Using Pizza and Pretend Play to Learn about Fractions

When my daughter was young she loved the PBS show “Peg + Cat,” and if you’ve got a fan of that show in your house this activity will be even better, but it doesn’t matter if your kids don’t already know these characters to learn about fractions with pizza. 

There’s an episode of “Peg + Cat” where they are working in a pizza place and have to divide pies to put different kinds of toppings of different parts of the pie (there’s also an online game with the same concept, which I can’t believe still exists because my kiddo played it years ago). 

Inspired by the episode and a companion book, Nature Homeschool developed an activity for learning about fractions and entrepreneurship using pizza. They developed a pizza shop and used the printables and teaching guide from Teacher Vision to learn more about fractions using pizza as the foundation. Their post also has a pizza order form printable you can use when you role play a pizza shop. 
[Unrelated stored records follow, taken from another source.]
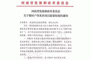 據河南省發(fā)改委6月5日發(fā)布《關于做好戶用光伏項目政策銜接的通知》,2019年5月30日之前已建成并網但未納入國家補貼范圍的戶用光伏項目,前期各地已進行了梳理,將就此類項目予以審核并進行公示,公示無異議后直接納入2019年財政補貼規(guī)模,按0.18元/千瓦時予以補貼。 通知如下:
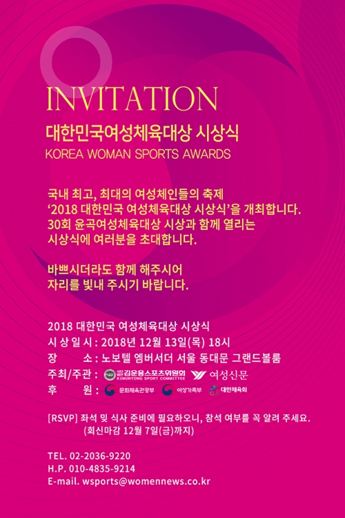 올해 여성체육대상은 공모 기간(10.8~11.9일) 내 접수한 여성스포츠인을 대상으로 선정위원회를 열어 각 분야를 선정했다. 시상식은 12월 13일 오후 6시 노보텔 앰배서더 서울 동대문(B1 그랜드볼룸)에서 개최된다. 대한민국 여성체육대상은 김운용스포츠위원회와 여성신문이 공동 주최한다.
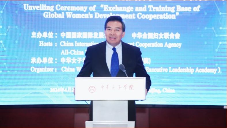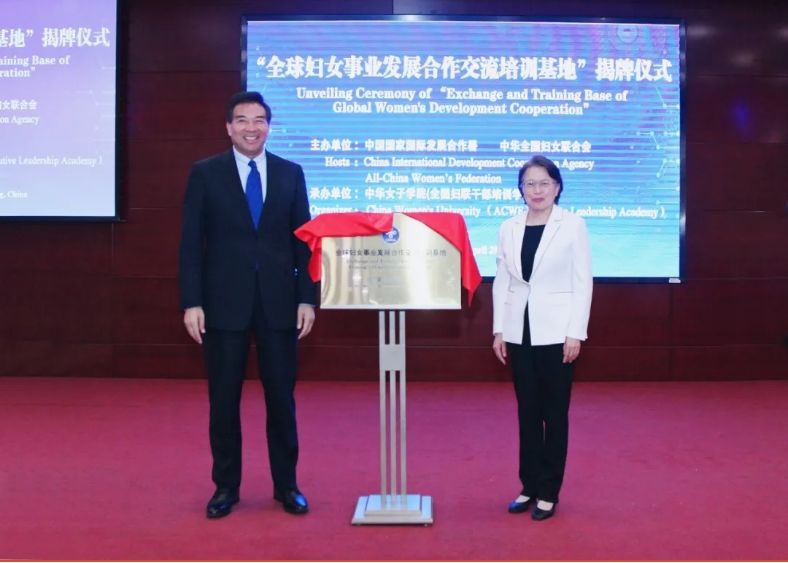 4月29日,“全球妇女发展合作交流培训基地”揭牌仪式在我校举行。全国妇联党组书记、副主席、书记处第一书记黄晓薇,国家国际发展合作署党组书记、署长罗照辉出席活动,共同为基地揭牌并致辞。联合国系统驻华协调员常启德、联合国妇女署中国办公室主任安思齐出席活动并致辞。
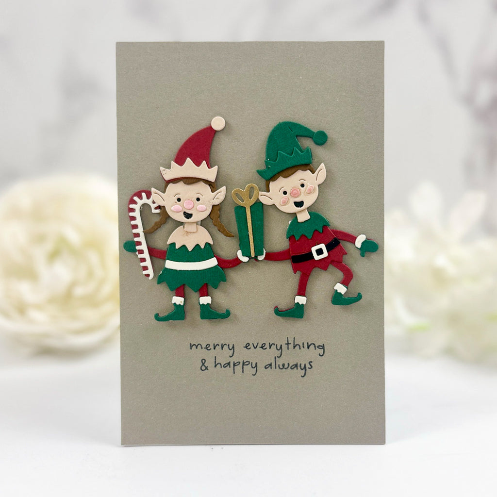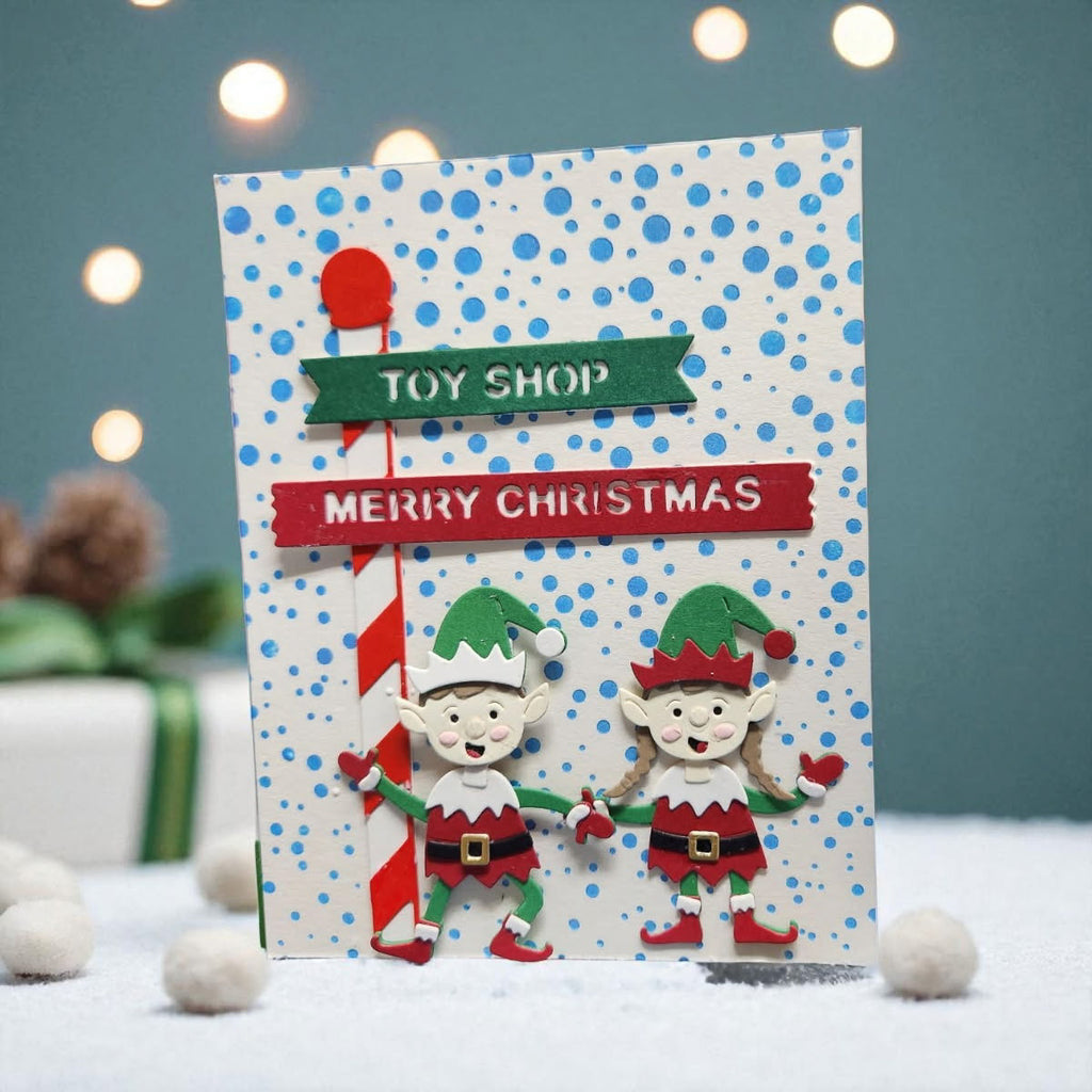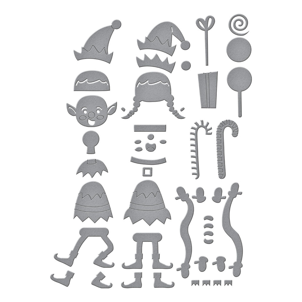 Santa's Elves Etched Dies are part of the North Pole Friends Collection by Simon Hurley. This fun set of 24 thin metal cutting dies creates adorable elves with all sorts of wonderful accessories. Cut a bunch and see what kind of trouble they get into with candies and presents! Dress them up with hats, outfits, mitts and boots. Lots of different design options!
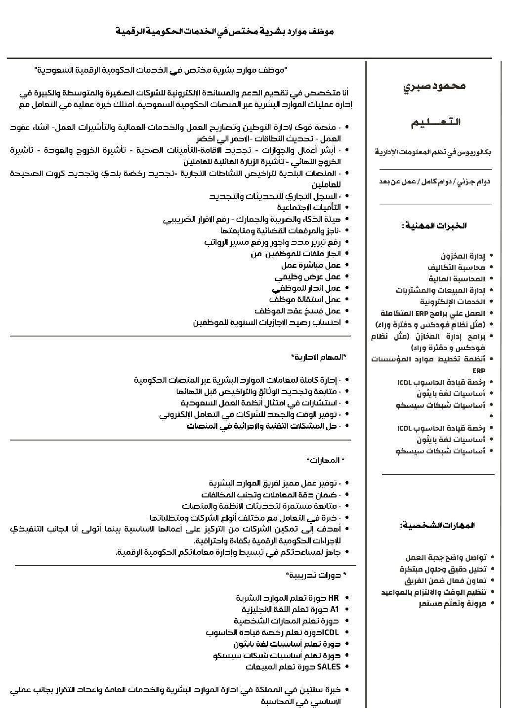 في خدمتكم موظف الموارد البشرية انجاز الخدمات للمؤسسات والشركات والخدمات الموظفين والخدمات الالكترونية وخدمات الجامعات / عمل عن بعد / ودوام جزئي / دوام كامل
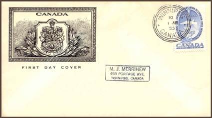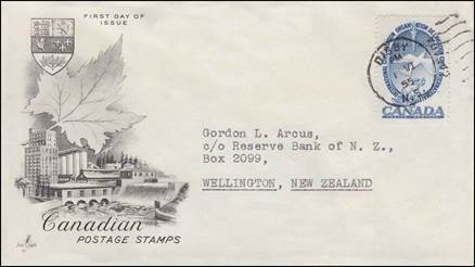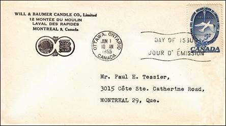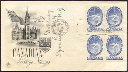 Caneco Envelopes Company cachet. Cancel at Place d’Armes, Montréal, Québec. Autographed by Walter Loshe, designer of the stamp.
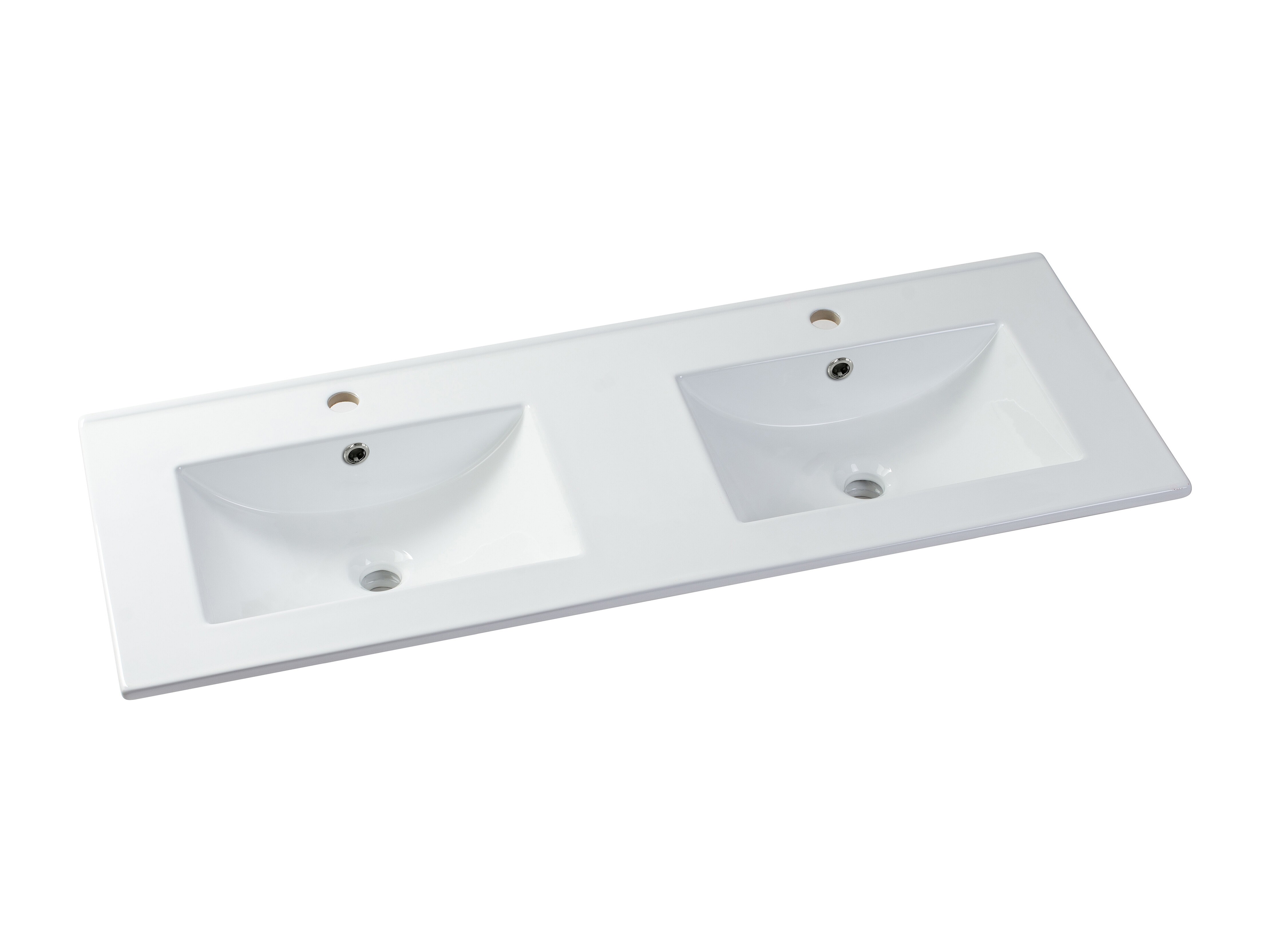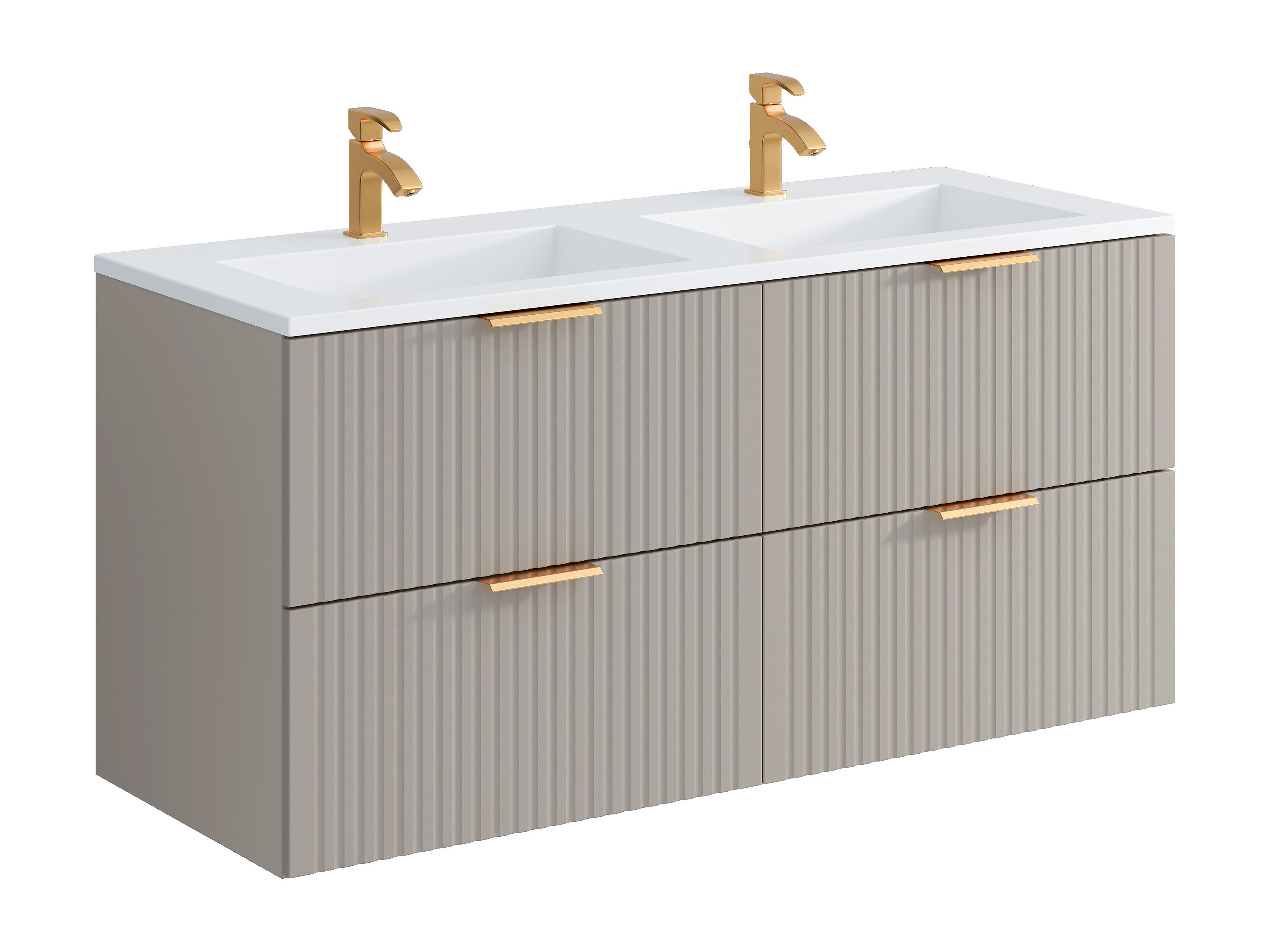 Meuble de salle de bain suspendu strié avec vasque à encastrer et colonne - Coloris beige - 120 cm - ZEVARA

The Inspiration Edit also has some cute printable worksheets using a pizza to learn about fractions. And Life Over Cs has some fun printable pizza fraction activities, such as the printable fraction memory game shown here. 

If you want to increase the pretend play factor with this one, you can make a pizza and toppings out of paper, cardboard or felt. Or use a paper plate as your crust and simple shapes cut out of paper to be toppings. The pretend play pizza making kit from Glued to My Crafts uses an individual slice, but you could do the same thing with a whole pie’s worth of slices. 

Kids Craft Room has another fun pizza play food idea, this time using salt dough for the crust. The toppings are made out of felt so you can practice putting different toppings on a fraction of the pizza and learn as you play.